Transcribe exactly the lines below that begin at the line with "mais uma fã." and stop after the line with "Aquamed สเปรย์แอลกอฮอล์ ทำความสะอาดมือ", leaving out every picture.

(Data begins)

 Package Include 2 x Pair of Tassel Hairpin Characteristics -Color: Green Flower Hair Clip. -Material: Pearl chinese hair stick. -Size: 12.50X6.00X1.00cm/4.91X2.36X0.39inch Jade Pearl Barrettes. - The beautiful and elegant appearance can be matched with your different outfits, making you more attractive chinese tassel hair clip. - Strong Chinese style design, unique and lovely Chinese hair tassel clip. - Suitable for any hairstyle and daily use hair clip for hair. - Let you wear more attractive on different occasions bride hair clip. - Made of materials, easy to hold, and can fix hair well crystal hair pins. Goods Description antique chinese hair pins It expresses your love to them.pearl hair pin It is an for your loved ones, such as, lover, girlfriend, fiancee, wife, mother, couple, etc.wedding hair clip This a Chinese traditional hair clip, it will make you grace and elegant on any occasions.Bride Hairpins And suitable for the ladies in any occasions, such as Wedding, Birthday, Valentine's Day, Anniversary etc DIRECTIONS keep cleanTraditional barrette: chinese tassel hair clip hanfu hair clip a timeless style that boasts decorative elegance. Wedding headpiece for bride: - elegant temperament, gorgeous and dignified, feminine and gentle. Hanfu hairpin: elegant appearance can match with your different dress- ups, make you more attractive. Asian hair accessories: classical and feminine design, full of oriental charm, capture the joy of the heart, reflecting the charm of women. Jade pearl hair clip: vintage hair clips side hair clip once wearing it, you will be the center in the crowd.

(Data ends)
(Data begins)

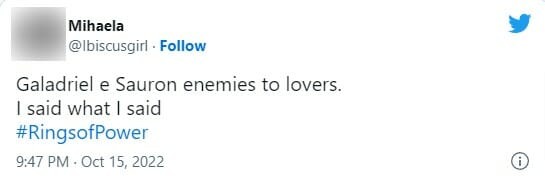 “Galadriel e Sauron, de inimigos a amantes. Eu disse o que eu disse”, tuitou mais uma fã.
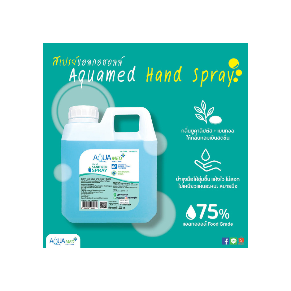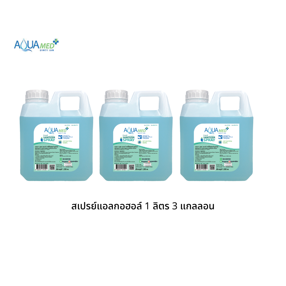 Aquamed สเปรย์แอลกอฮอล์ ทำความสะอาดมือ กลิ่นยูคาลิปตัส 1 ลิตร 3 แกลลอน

(Data ends)

Exercise solution:
 “Galadriel e Sauron, de inimigos a amantes. Eu disse o que eu disse”, tuitou mais uma fã.
 Aquamed สเปรย์แอลกอฮอล์ ทำความสะอาดมือ กลิ่นยูคาลิปตัส 1 ลิตร 3 แกลลอน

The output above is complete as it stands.